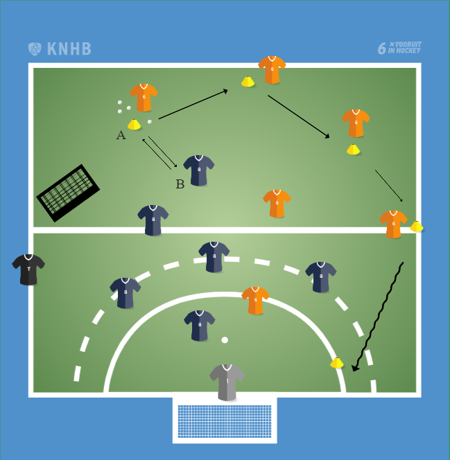Maak een veld zoals op de afbeelding. Meer druk op de spelers leggen? Maak het veld dan smaller.
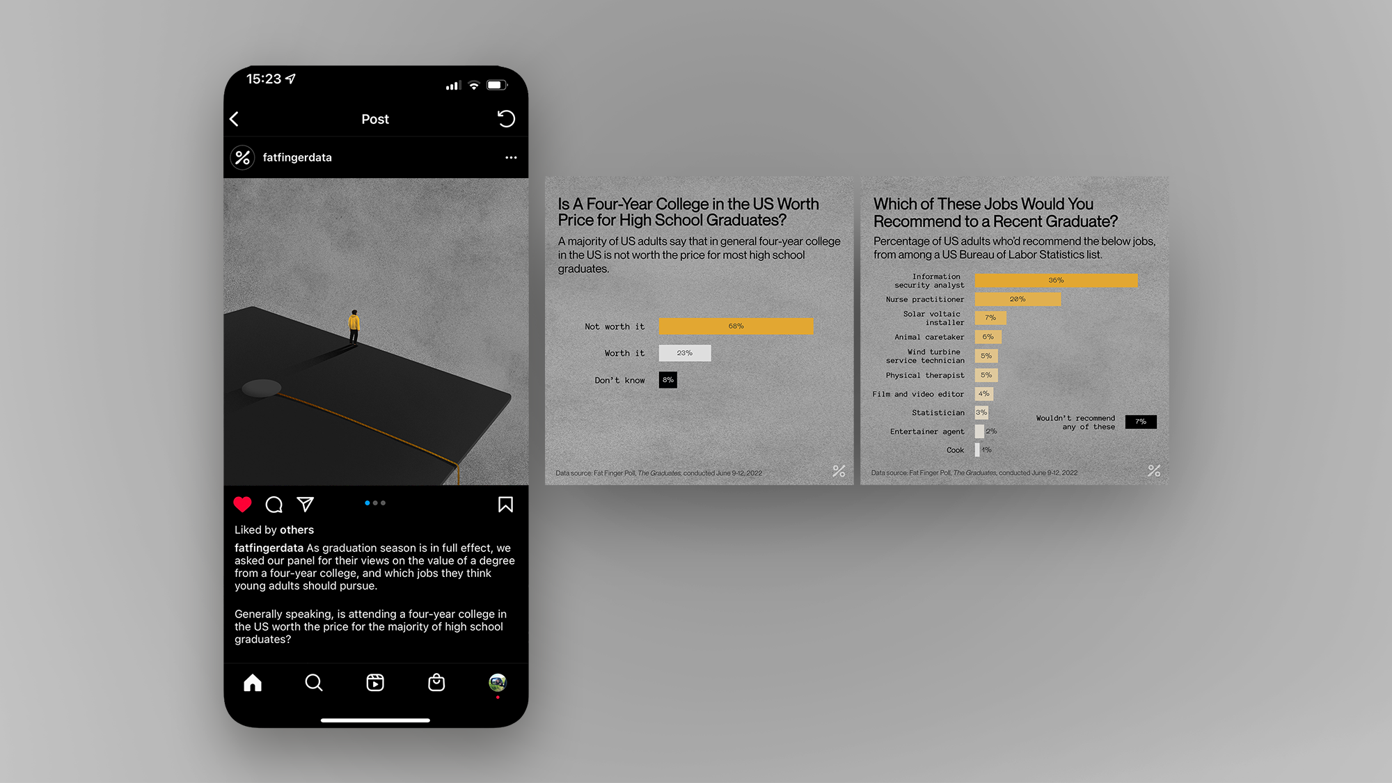 During graduation season, Fat Finger conducted a poll on what sort of future graduates may have. We used the graduation cap as a cliff with a small figure looking off, reflecting uncertainty and a leap to the unknown.
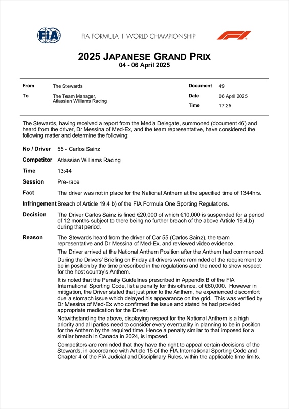UFFICIALE - Sainz, di male in peggio: ennesima rappresaglia dalla FIA, i dettagli - UFFICIALE - Sainz, di male in peggio: ennesima rappresaglia dalla FIA, i dettagli
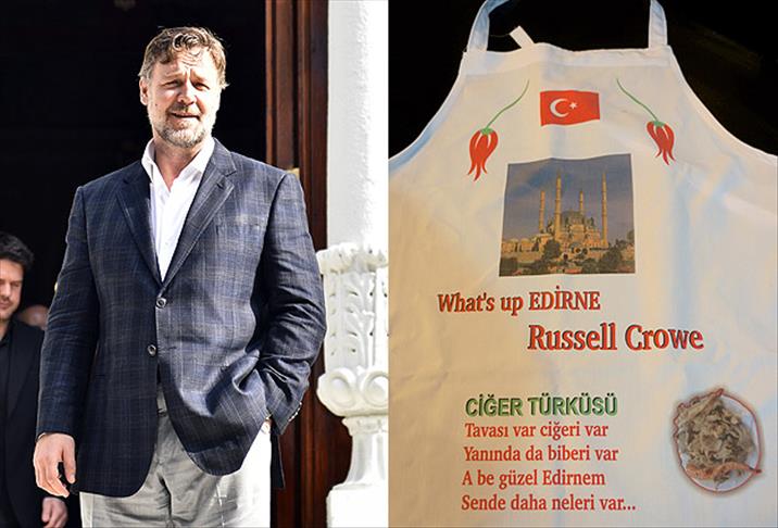 "Ünlü aktör Edirne'de filmi için mekan bakmaya geldiğinde Twitter'dan 'What's up Edirne?' yazdı ve milyonlarca takipçisi 'Edirne de ne?' diye merak etti, gözler Edirne'ye çevrildi. Bu ziyaretinde biz de ona Edirne'nin meşhur tadı tava ciğerini tattırdık, ciğerin de büyük reklamı oldu. Edirne'nin Crowe'a, vefa borcu olduğunu düşünerek, ciğerci önlüğü diktirdik.
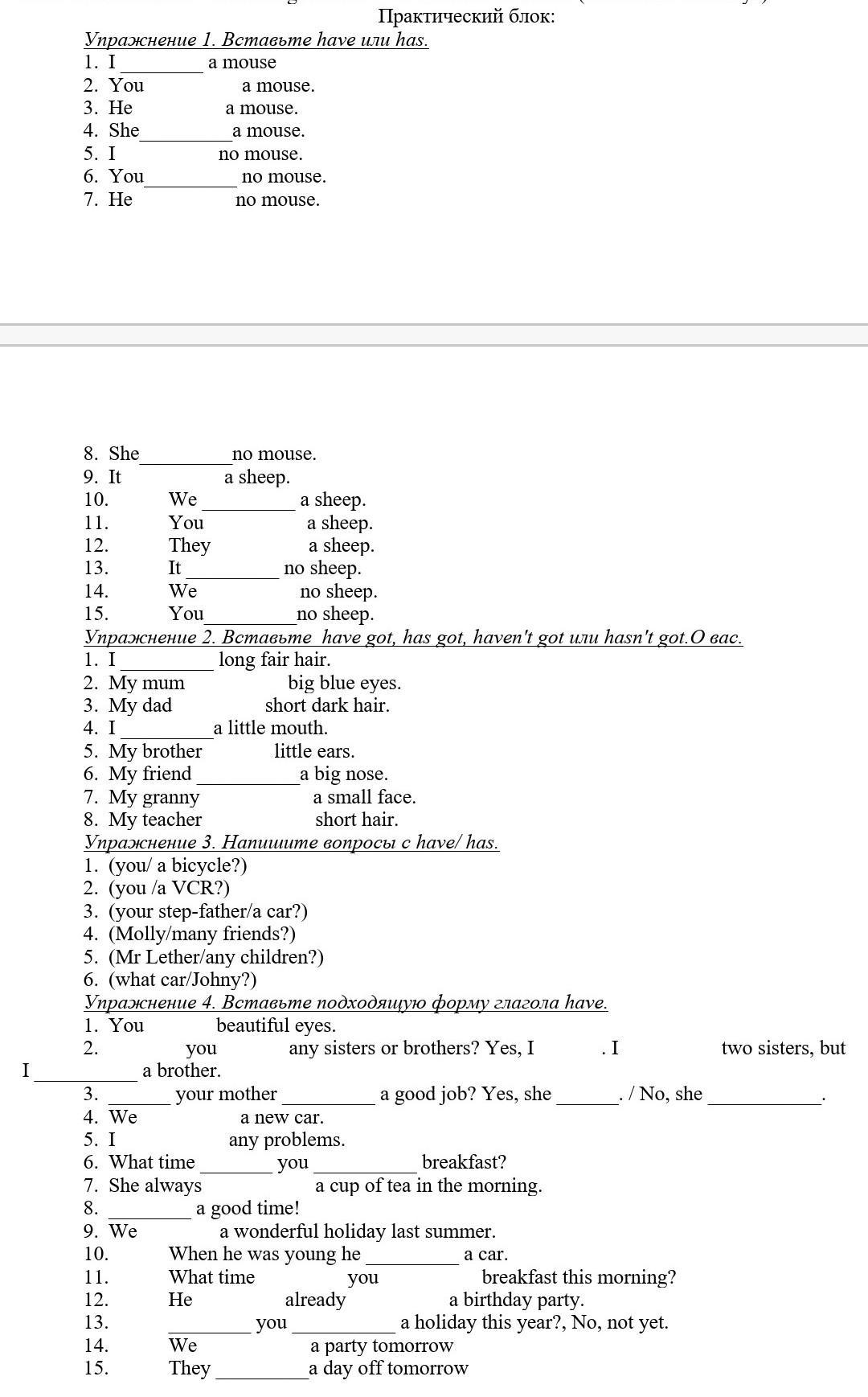 3. Has your mother got a good job? Yes, she has./No, she hasn't.

__________________________________________________

# Work task:
Each line from the first line of the material above through the line containing "During graduation season, Fat" is to be reproduced exactly, with both ends kept and pictures left out.

# Reply to the exercise:
Maak een veld zoals op de afbeelding. Meer druk op de spelers leggen? Maak het veld dan smaller.
 During graduation season, Fat Finger conducted a poll on what sort of future graduates may have. We used the graduation cap as a cliff with a small figure looking off, reflecting uncertainty and a leap to the unknown.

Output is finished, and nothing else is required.